SİYASİ iktidarın tepe noktasındakiler hálá "Kamu görevi yapanların türbanla görev yapmalarına izin vermeyeceğiz" demiyorlar, diyemiyorlar. Çünkü dini duygularını istismar ettikleri seçmenlerden korkuyorlar.
Ama dünya dönüyor.
Döndükçe de mahkemeler yeni kararlar üretiyor.
Son örnek -aslında karar geride kalan eylül ayında verildiği halde yeni kamuoyuna yansıdığı için- dünkü Hürriyet’te vardı:
Sakarya İmam Hatip Lisesi öğretmenleri Fatma Karaduman ile Sevil Tandoğan, okula türbanla gelmeleri yasaklanınca idari yargıya başvurmuşlar.
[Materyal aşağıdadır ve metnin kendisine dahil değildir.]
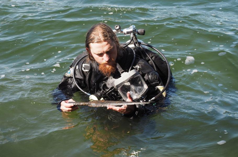 V polském jezeře Lednica objevili archeologové unikátně zdobené středověké kopí
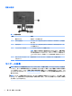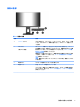 前面の各部 表 1-1 前面の各部 名称 機能 1 メニュー ボタン ボタンを押すと、オンスクリーン ディスプレイ(OSD)メニューを開 いたり、OSD のメニュー項目を選択したり、OSD メニューを閉じたり できます 2 OSD ボタン OSD メニューが開いているときにこれらのボタンを押すと、メニュー 内を移動できます。機能ランプのアイコンは、初期設定のボタンの機 能を示しています。これらの機能について詳しくは、14 ページの機 能ボタンの使用を参照してください (割り当て可能) 機能ボタンを割り当てなおして、頻繁に使用する操作をすばやく選択 できます。手順について詳しくは、14 ページの機能ボタンの再割り 当てを参照してください 注記:機能ボタンはモニターのフロント パネルの端、電源ランプの下 にあります 3 電源ボタン モニターの電源のオン/オフを切り替えます 4 電源ランプ 白色:モニターの電源が入っています オレンジ色:操作しない状態が続いたため、モニターが省電力状態に なっています。詳しくは、15 ページの自動スリープ モードの使用を 参照してください 製品の特長
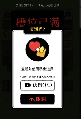 为了能够让玩家更多的看广告,游戏设置了3个广告窗口,分别在移出、撤销、随机这三个道具中,都增加了只有看完足够时长的广告,才能获得复活,而最后还有一次额外复活机会也是要看完足够时长的广告
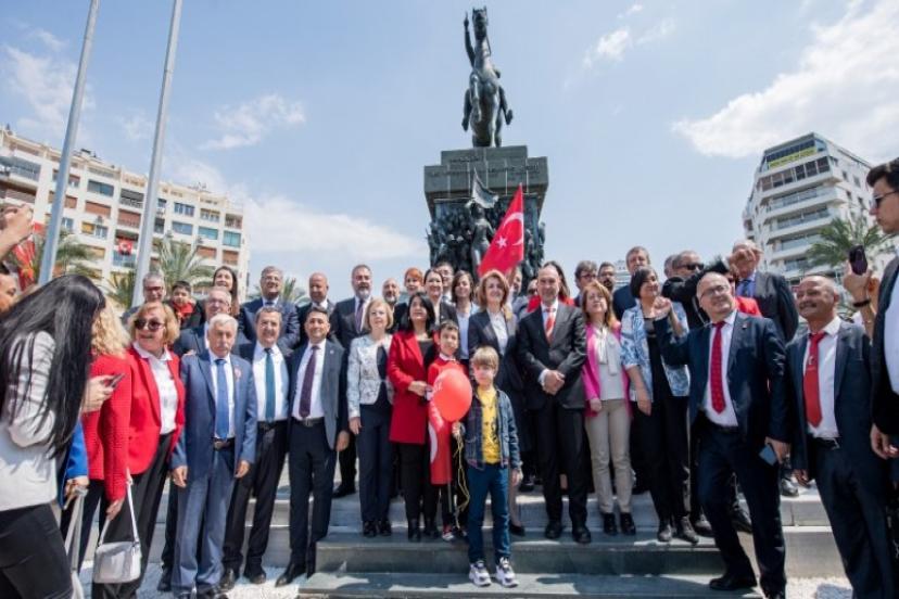 İzmir Büyükşehir Belediye Başkanı Tunç Soyer, 23 Nisan Ulusal Egemenlik ve Çocuk Bayramı kapsamında Cumhuriyet Halk Partisi (CHP) İzmir İl Başkanlığı’nın düzenlediği kutlama programına katıldı. Cumhuriyet Meydanı’nda düzenlenen törene Başkan Tunç Soyer’in yanı sıra CHP İzmir İl Başkanı Şenol Aslanoğlu, CHP İzmir milletvekilleri, Millet İttifakı İzmir Milletvekili adayları, ilçe belediye başkanları, ilçe başkanları, meclis üyeleri, muhtarlar ve çok sayıda partili katıldı. Törende İl Başkanı Şenol Aslanoğlu, İl Kadın Kolları Başkanı Nurdan Şenkal Uçar ve İl Gençlik Kolları Başkanı Burak Kotan Cumhuriyet Meydanı’ndaki Atatürk anıtına çelenk bıraktı.
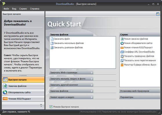 DownloadStudio - это универсальный комбайн для скачивания файлов и сайтов из Интернета. С ее помощью вы можете скачивать файлы в многопотоковом режиме, закачивать отдельные страницы или целые сайты для просмотра их в offline-режиме, а также осуществлять захват видеоизображения с экрана компьютера. Использование данной программы позволит вам отказаться от установки на компьютер программ, выполняющих все вышеперечисленные функции раздельно.
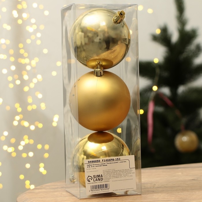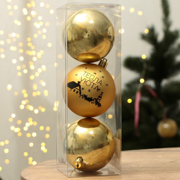 Шары ёлочные новогодние «Тепла и уюта!», на Новый год, пластик, d=8, 3 шт., цвет золотая гамма
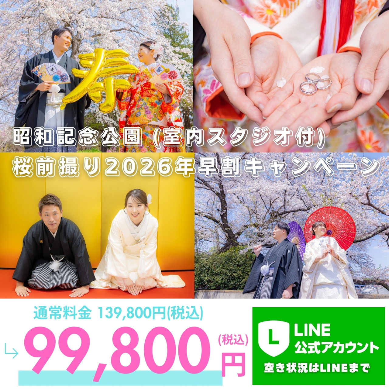 | 昭和記念公園 ロケーション&スタジオ 撮影場所 / 東京都立川市 昭和記念公園 支度場所 / CRYSTAL WEDDING 青梅店 撮影後 現地にてお着替えし撮影後すぐにご帰宅可 | 99,800円(税込) ※土日祝祭日は別途+10,000円(税込) |
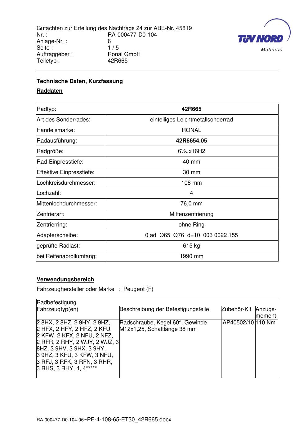 • Stimmt die KBA-Nummer auf der Felge mit diesem Dokument überein?
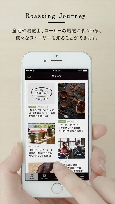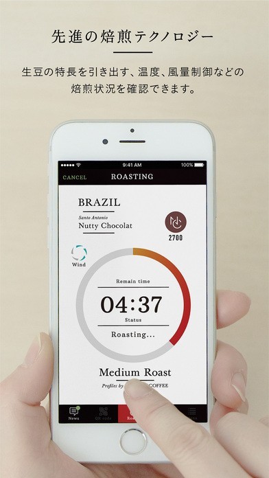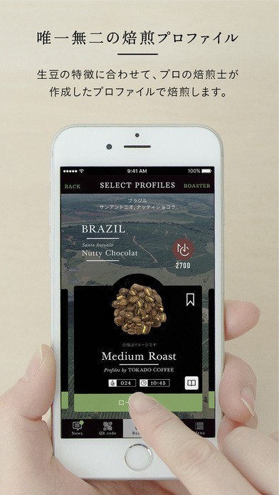 App Storeより引用"The Roast" アプリは、世界中の生豆を最適な焙煎で楽しむことができる 、スマートコーヒー焙煎機の専用アプリです。
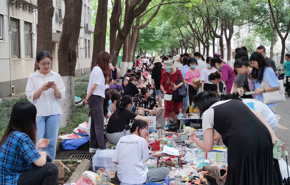 门类众多的书籍和笔记、精致可爱的挂件或玩偶、高效学习或幸福生活的特别物件……各个摊位前商品琳琅满目,现场人头攒动,叫卖声、交易声、砍价声此起彼伏。

Danıştay bu başvuruyu reddedince hızlarını alamayıp Avrupa İnsan Hakları Mahkemesi’ne(AİHM) gitmişler.
Ama meşhur "Leyla Şahin davası" vardı ya...
Mahkeme sonunda onu suratlarına çarpmış.
Hani "Tıp fakültesinde türbanlı olarak okumak istiyorum ama engel oluyorlar" diyerek aynı yoldan giden Leyla Şahin vardı ya...
Ondan söz ediyoruz.
Anımsayacağınız gibi AİHM, 29 Haziran 2004 tarihli kararında;
"Mahkeme, laiklik ilkesinin Avrupa İnsan Hakları Sözleşmesi’nin temel değerleriyle uyumlu olduğunu dikkate alarak, kararın (türbanla üniversitede öğrencilik yapma yasağının) uygulanmasının (...) demokratik sistemi korumak için Türkiye’de gerekli olduğu sonucuna varmıştır. Laikliği hiçe sayan bir davranışı, Avrupa İnsan Hakları Sözleşmesi’nin 9’uncu maddesiyle düzenlenen din ve vicdan özgürlüğü kapsamında saymak zorunlu değildir" demişti.(Paragraf: 114 ve 106)
Şimdiki kararda da mahkeme, içtihadından dönmüyor.
Anlam itibarıyla, "Siz önce Türkiye’deki laik rejimin, ülkenizdeki demokrasinin yaşayabilmesinin temel koşulu olduğunu öğrenin. Bu ilkeyi din ve vicdan özgürlüğü gerekçesiyle yok saymaya kalkarsanız, birileri bunu yasaklayabilir.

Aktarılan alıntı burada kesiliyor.